UNITED STATES

SECURITIES AND EXCHANGE COMMISSION

WASHINGTON, D.C. 20549


FORM 8-K


CURRENT REPORT

Pursuant to Section 13 or 15(d) of the Securities Exchange Act of 1934


Date of report (Date of earliest event reported): June 17, 2014


 

Ring Energy, Inc.

 

(Exact name of registrant as specified in its charter)


Nevada

 

001-36057

 

90-0406406

(State or other jurisdiction of incorporation)

 

(Commission File Number)

 

(I.R.S. Employer Identification No.)


 

200 N. Loraine Street, Suite 1245

Midland, TX   79701

 

(Address of principal executive offices)   (Zip Code)


 

(432) 682-7464

 

(Registrant’s telephone number, including area code)



Check the appropriate box below if the Form 8-K filing is intended to simultaneously satisfy the filing obligation of the registrant under any of the following provisions (see General Instruction A.2. below):


      .Written communications pursuant to Rule 425 under the Securities Act (17 CFR 230.425)


      .Soliciting material pursuant to Rule 14a-12 under the Exchange Act (17 CFR 240.14a-12)


      .Pre-commencement communications pursuant to Rule 14d-2(b) under the Exchange Act (17 CFR 240.14d-2(b))


      .Pre-commencement communications pursuant to Rule 13e-4(c) under the Exchange Act (17 CFR 240.13e-4(c))





Item 1.01

Entry into a Material Definitive Agreement


Subscription Agreement


On June 18, 2014, Ring Energy, Inc. (the “Company”) closed its offering of 2,000,001 shares of common stock at $15.00 per share for gross proceeds of $30,000,015 (the “Offering”). The Company entered into Subscription Agreements (the “Subscription Agreements”) on June 17, 2014, with a small number of accredited investors (each an “Investor” and collectively, the “Investors”) to sell such shares of common stock of the Company under Section 4(a)(2) and/or Section 4(a)(5) of the Securities Act of 1933, as amended, and Rule 506 of Regulation D promulgated thereunder (the “Private Placement”).


The Investors are entitled to certain registration rights, subject to certain limitations, with respect to the securities sold pursuant to the Private Placement (the “Registrable Securities”). Pursuant to the Subscription Agreements, on or before the 30th calendar day following the Closing, the Company has agreed to file with the United States Securities and Exchange Commission a registration statement covering all of the Registrable Securities. The Company will bear the expenses incurred in connection with the filing of any such registration statement, including all reasonable expenses incurred in performing its obligations under the Subscription Agreements.

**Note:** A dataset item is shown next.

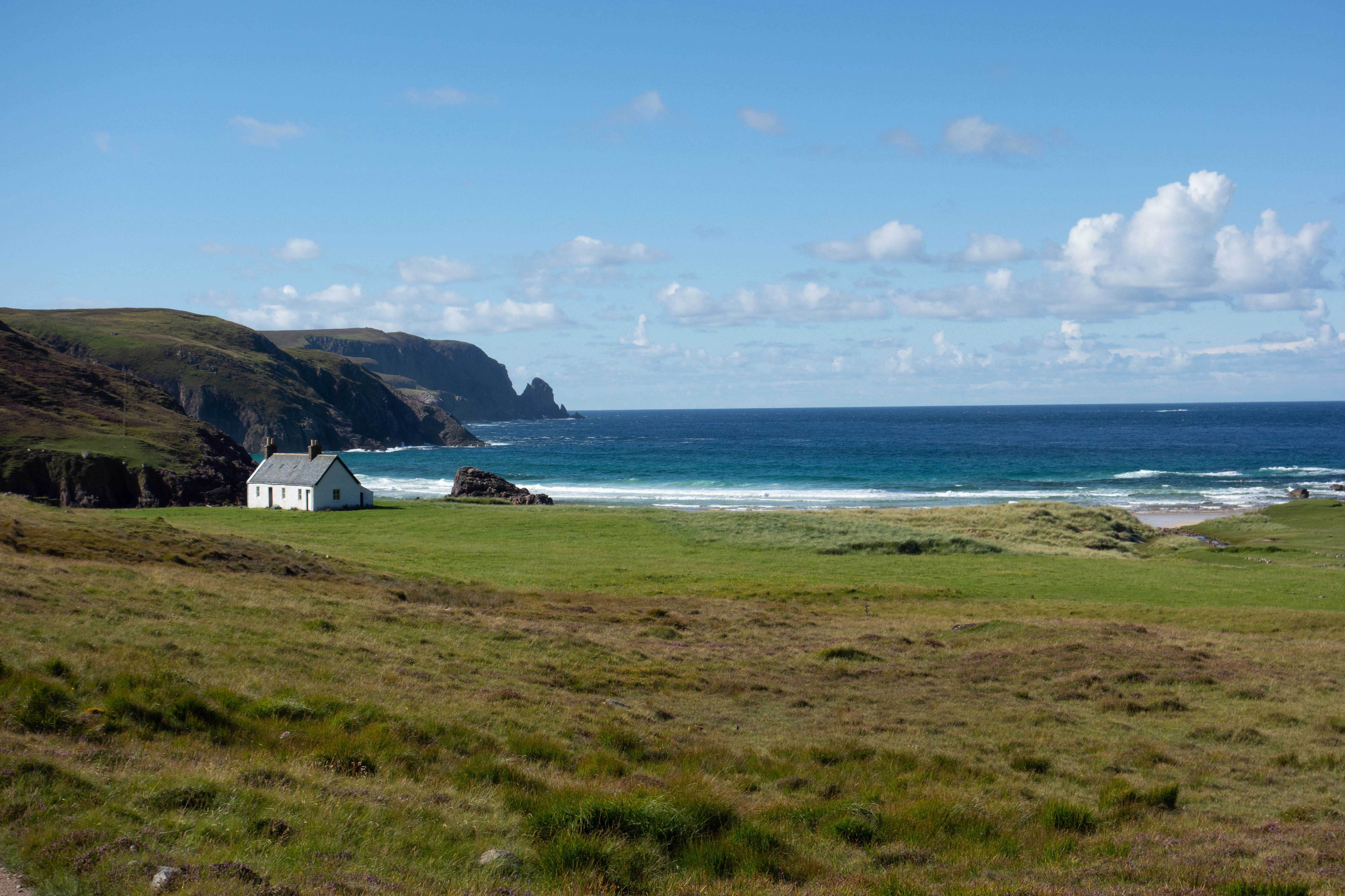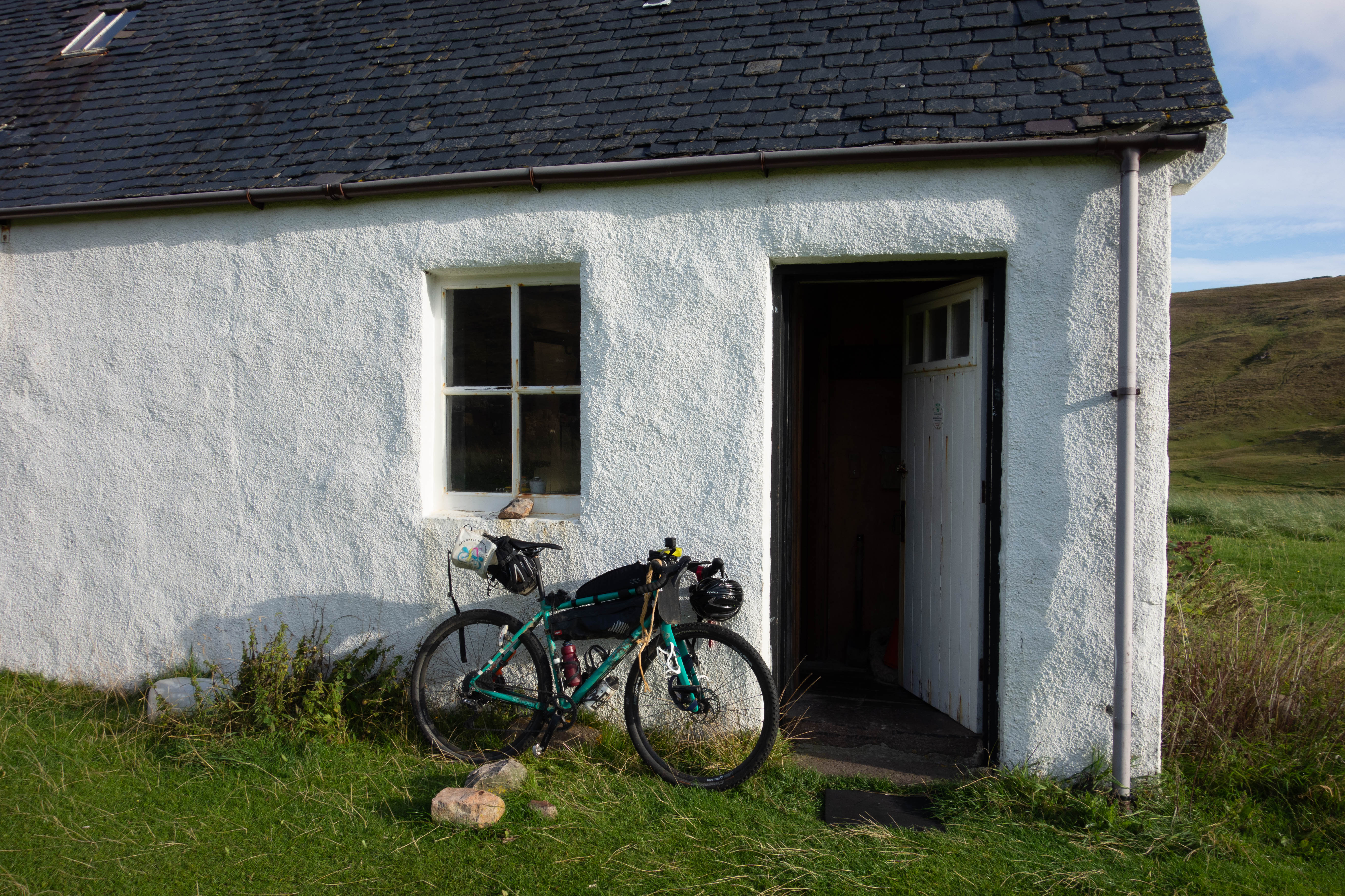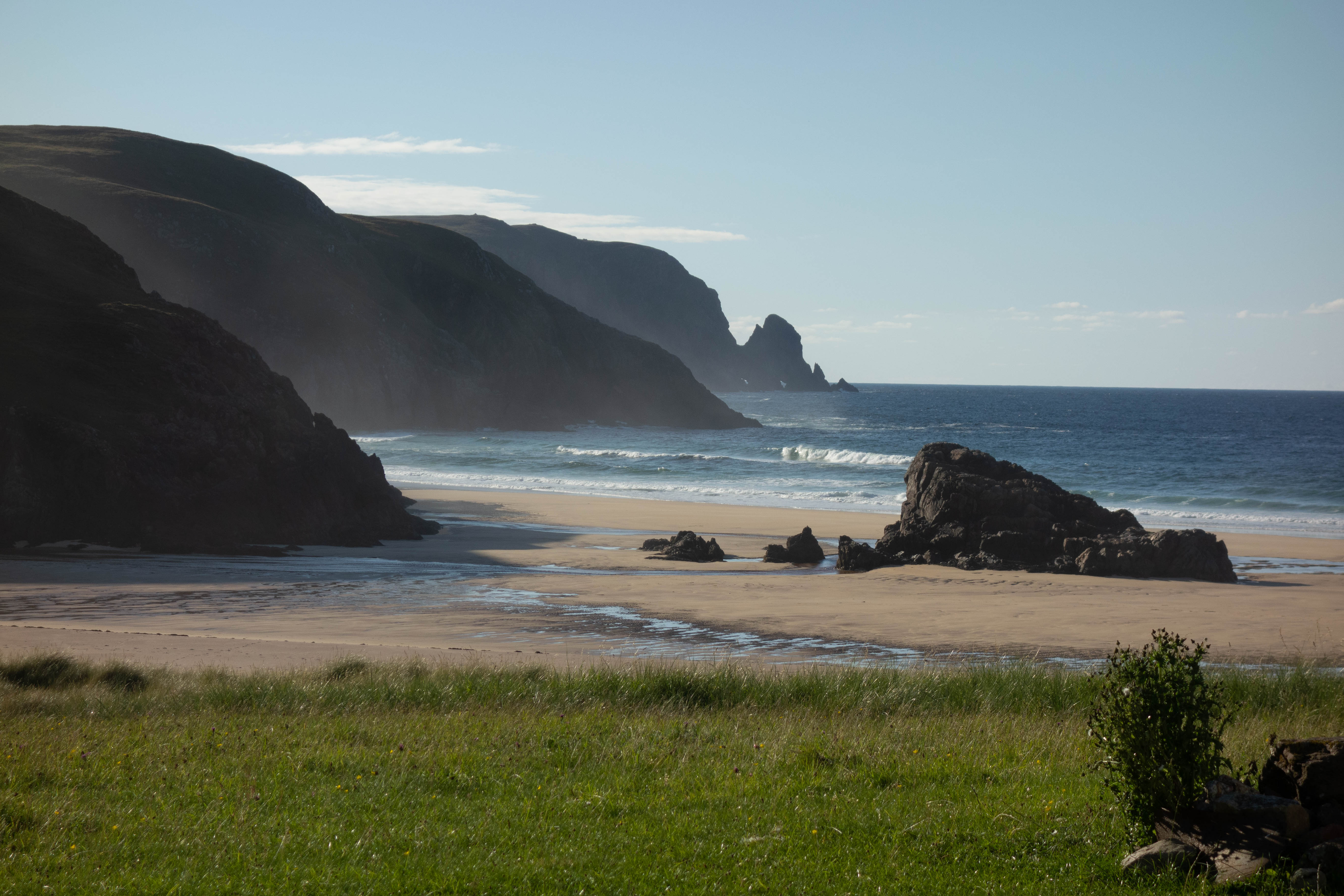 After wandering around the lighthouse for a bit, I had a cup of coffee, some beans on toast and a piece of cake in the café before heading back down the road towards Kearvaig, where I planned to spend the night. Kearvaig is a pretty special place and a lovely whitewashed bothy sits on a grassy area above the beach, looking out over the sand towards the endless ocean framed on either side by tall dark cliffs. It felt like there was more to it than just the location, perhaps this was down to a combination of the way I had gotten there and the sunshine. A small Eden tucked away from most people. A fitting (almost) end to a journey. I dried my tent out, walked barefoot across the beach, climbed a small pile of rocks and spent the rest of the afternoon sitting in the sunshine watching the waves crash into the sand and reflecting on my journey.

The foregoing description of the Subscription Agreements does not purport to be complete and is qualified in its entirety by reference to the Subscription Agreements, a form of which is filed as Exhibit 10.1 to this Current Report.


Credit Facility Commitment


On June 17, 2014, we entered into a commitment to establish a new senior secured revolving credit facility with SunTrust Robinson Humphrey Inc. as the lead arranger. The new, five-year credit facility is expected to have a maximum borrowing amount of $150,000,000 with an initial conforming borrowing base of $40,000,000, and upon request of the Company, an incremental non-conforming borrowing base of $20,000,000. The credit facility is expected to contain customary affirmative and negative covenants and restrictions typical for a senior secured borrowing base credit facility. Our current credit facility remains in place and will be terminated upon negotiation and execution of the new credit facility.


Item 3.02

Unregistered Sales of Equity Securities


On June 18, 2014, the Company closed its Private Placement. The shares were placed by SunTrust Robinson Humphrey Inc., acting as lead placement agent and Global Hunter Securities LLC, acting as co-placement agent in the transaction. These shares were issued without registration under the Securities Act of 1933, as amended, by reason of the exemption from registration afforded by the provisions of Section 4(a)(5) and/or Section 4(a)(2) thereof, and Rule 506 promulgated thereunder, as a transaction by an issuer not involving any public offering. Each of the Investors in the Offering was an accredited investor as defined in Regulation D. Each Investor delivered appropriate investment representations with respect to these sales and consented to the imposition of restrictive legends upon the stock certificates representing the shares of common stock. Each Investor was afforded the opportunity to ask questions of our management and to receive answers concerning the Company and terms and conditions of the Private Placement. The shares of common stock of the Company sold in the Offering have not been registered under the Securities Act of 1933, as amended, and may not be offered or sold in the United States unless registered or exempt from registration requirements.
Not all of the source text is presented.